Work order | Repeat the records below exactly. Omit the pictures.

-------- The records

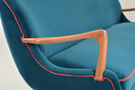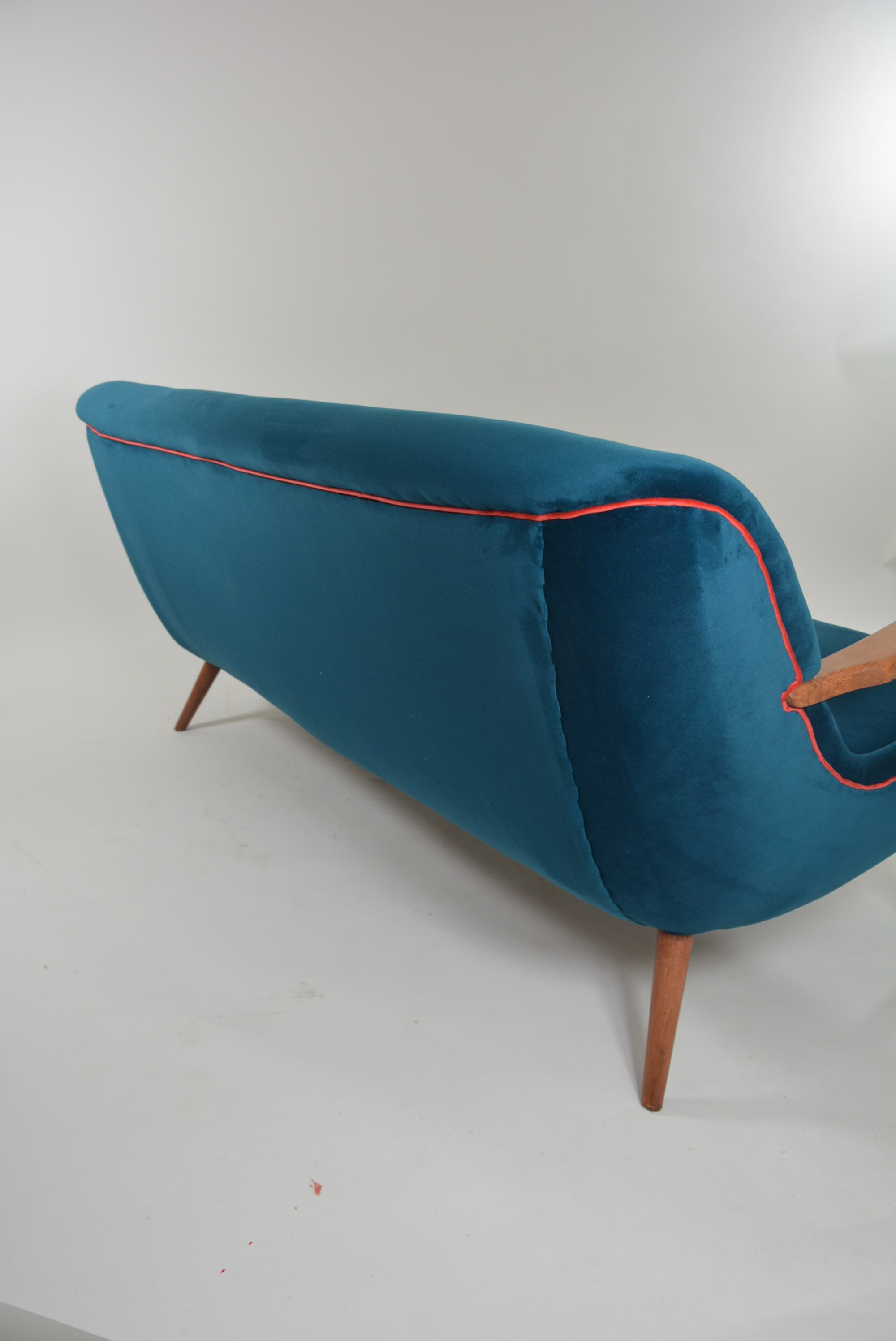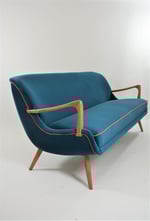 Belles lignes arrondies de l'assise avec les accoudoirs profilés. C'est un petit 3 places.
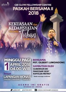 Dilansir dari laman glowfc.com, Gereja GBI Glow FC akan mengadakan ibadah dan perayaan Paskah Bersama II pada Minggu, 1 April 2018, jam 04.00-07.30 pagi di Lapangan Monas, Jakarta. Menurut rencana, acara yang tidak dipungut biaya tersebut, akan diberikan sambutan oleh Gubernur DKI Jakarta, Anies R.Baswedan.
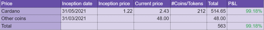 My Crypto strategy is to buy Cardano monthly. Additionally I take any free coin I can get on Coinbase as it comes buy. I buy every month but the amount is different, its anywhere from 30-100 EUR, but usually its around 50 EUR. I also have a dozen of other coins that I got for free, but I decided not to track them, but instead list them as other coins.
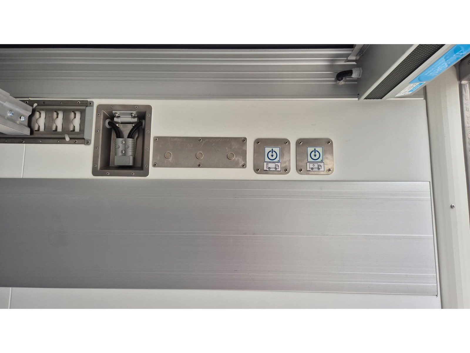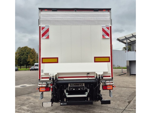 Zubehör | 1. Achse mit Achslift, 2. Achse mit Tridec-Stangenlenkung, Schmitz ROTOS Scheibenbremsachsen, Elektronische Luftfederung, zusätzliche Luftfederbedienung hinten im Aufbau, LED-Beleuchtungsanlage, LED-Umfeldbeleuchtung, LED-Rückfahrscheinwerfer, LED-Arbeitsscheinwerfer hinten oben am Portal, SL2 Sicherheitsleuchten hinten oben am Portal mit Stopp- Blink- und Lichtfunktion, LED-Seitenmarkierleuchten, Rückfahrkamera oben am Portalrahmen, zusätzliche Kotflügel zwischen den Achsen, Zentralschmieranlage für die Lenkungsanlage und die Hebebühne, Dynamic Ramp Protection, TrailerConnect Telematic, Kuststoffwerkzeugkasten, uvm. |
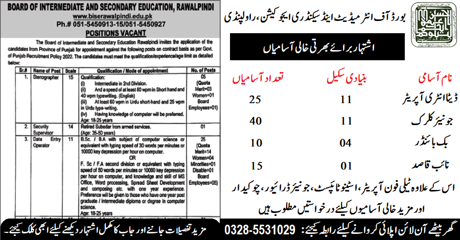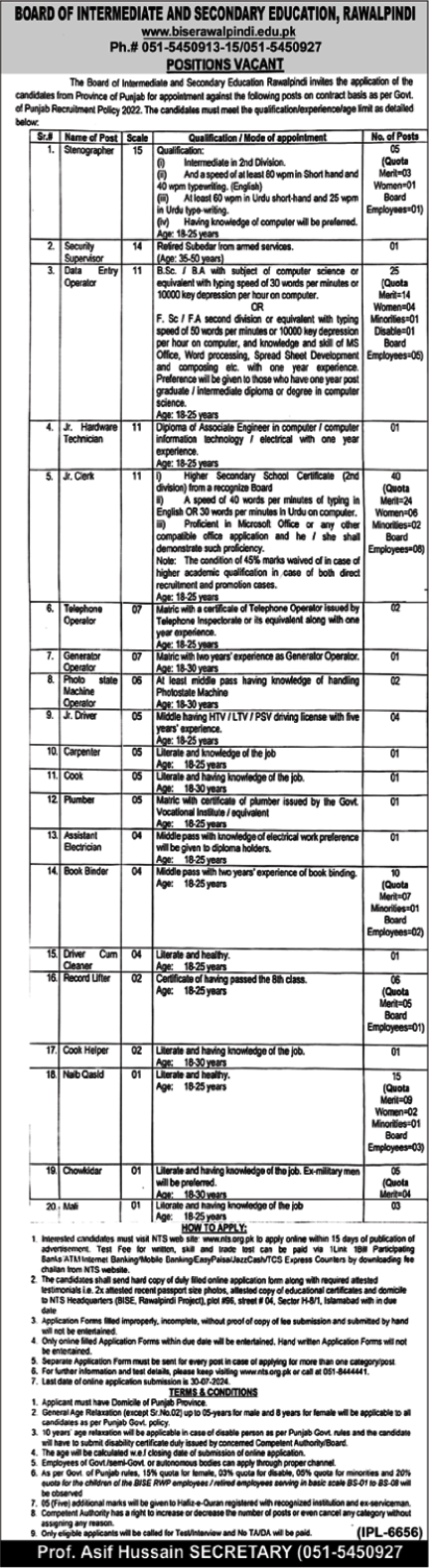 BISE Rawalpindi (Latest Jobs July 2024)
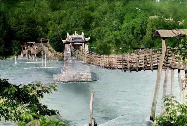 这条索桥绵长得很,桥面木板一节连一节,桥亭像顶簪子插在河心石墩上,水一高桥就轻轻起伏,老人说以前赶集要过桥,风大时就把帽沿按住,现在游客拍照要等桥身稳一稳,其实抖几下才是它的脾气。
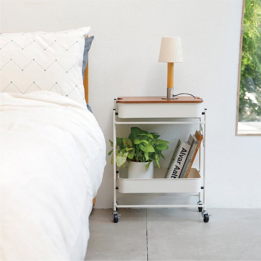 ベッドサイドに置けば照明を載せたり、ティッシュケースなど生活感のあるものは
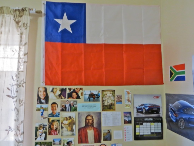 The pictures above are of elders Barton and Alvial looking their sharpest before leaving to see the president. Each missionary has a study desk and most of the personalize their spaces with pictures from home. Hopefully they do not include a picture of the girl they left behind! Elder Alvial is from Chile so he proudly displays his country’s flag. Elder Barton has a large US flag displayed but it is on the side wall so is not visible in this picture. Notice the savior’s picture is included in both display.

----------------

Result below |
 Belles lignes arrondies de l'assise avec les accoudoirs profilés. C'est un petit 3 places.
 Dilansir dari laman glowfc.com, Gereja GBI Glow FC akan mengadakan ibadah dan perayaan Paskah Bersama II pada Minggu, 1 April 2018, jam 04.00-07.30 pagi di Lapangan Monas, Jakarta. Menurut rencana, acara yang tidak dipungut biaya tersebut, akan diberikan sambutan oleh Gubernur DKI Jakarta, Anies R.Baswedan.
 My Crypto strategy is to buy Cardano monthly. Additionally I take any free coin I can get on Coinbase as it comes buy. I buy every month but the amount is different, its anywhere from 30-100 EUR, but usually its around 50 EUR. I also have a dozen of other coins that I got for free, but I decided not to track them, but instead list them as other coins.
 Zubehör | 1. Achse mit Achslift, 2. Achse mit Tridec-Stangenlenkung, Schmitz ROTOS Scheibenbremsachsen, Elektronische Luftfederung, zusätzliche Luftfederbedienung hinten im Aufbau, LED-Beleuchtungsanlage, LED-Umfeldbeleuchtung, LED-Rückfahrscheinwerfer, LED-Arbeitsscheinwerfer hinten oben am Portal, SL2 Sicherheitsleuchten hinten oben am Portal mit Stopp- Blink- und Lichtfunktion, LED-Seitenmarkierleuchten, Rückfahrkamera oben am Portalrahmen, zusätzliche Kotflügel zwischen den Achsen, Zentralschmieranlage für die Lenkungsanlage und die Hebebühne, Dynamic Ramp Protection, TrailerConnect Telematic, Kuststoffwerkzeugkasten, uvm. |
 BISE Rawalpindi (Latest Jobs July 2024)
 这条索桥绵长得很,桥面木板一节连一节,桥亭像顶簪子插在河心石墩上,水一高桥就轻轻起伏,老人说以前赶集要过桥,风大时就把帽沿按住,现在游客拍照要等桥身稳一稳,其实抖几下才是它的脾气。
 ベッドサイドに置けば照明を載せたり、ティッシュケースなど生活感のあるものは
 The pictures above are of elders Barton and Alvial looking their sharpest before leaving to see the president. Each missionary has a study desk and most of the personalize their spaces with pictures from home. Hopefully they do not include a picture of the girl they left behind! Elder Alvial is from Chile so he proudly displays his country’s flag. Elder Barton has a large US flag displayed but it is on the side wall so is not visible in this picture. Notice the savior’s picture is included in both display.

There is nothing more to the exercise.